🤖 AI Summary
This work proposes the first end-to-end trainable adaptive video watermarking framework, addressing key limitations of existing methods that rely on manual masks and exhibit poor robustness under compression, temporal editing, and social media redistribution. The proposed approach integrates a mask prediction network to automatically identify optimal embedding regions, combined with region-aware encoding and noise-augmented training. This enables robust recovery against temporal manipulations—including frame swapping, insertion, and deletion—while eliminating flickering artifacts and preserving high visual quality (achieving a PSNR of 50.08 dB). Without requiring human-annotated masks, the method reliably embeds 128 bits of information and maintains effective traceability even after re-encoding on platforms such as YouTube and Facebook and under various distortions, significantly enhancing the practicality and robustness of video watermarking.
📝 Abstract
We present FlowMark, a video watermarking framework guided by automatically predicted object masks.

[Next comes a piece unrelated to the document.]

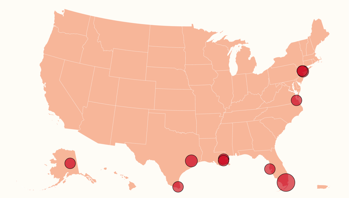 O condado de Harris, Texas, onde fica Houston, teve uma perda líquida de 31.165 residentes. O condado de Kings, em Nova York, onde fica o Brooklyn, ficou em terceiro lugar, com um fluxo líquido de 28.158 residentes. A Paróquia de Orleans, Louisiana, seguiu com uma perda líquida de 4.950 residentes. Aqui, 99,1 por cento dos agregados familiares enfrentam um elevado risco de inundações – a percentagem mais elevada do país.

In contrast to prior region-based approaches that require user-supplied mask guidance, FlowMark learns to identify optimal regions for watermark embedding through a dedicated Mask Predictor network. Our end-to-end trainable architecture combines region-aware encoding with noise-augmented training to ensure robustness against compression, geometric transformations, and content variation, while preserving high perceptual quality. Our content-adaptive masking keeps watermark signals coherent with natural video dynamics, effectively eliminating perceptual flicker. Beyond compression robustness, FlowMark maintains reliable watermark recovery under video-native temporal edits (e.g., frame swap, insertion, deletion, resampling, and interpolation) and real-world social media distribution pipelines (e.g., YouTube and Facebook re-encoding). Experimental results on both image and video datasets show that FlowMark reliably embeds $128$-bit messages with up to $50.08$ dB PSNR, offering strong performance for content provenance, temporal authenticity verification, and video integrity protection.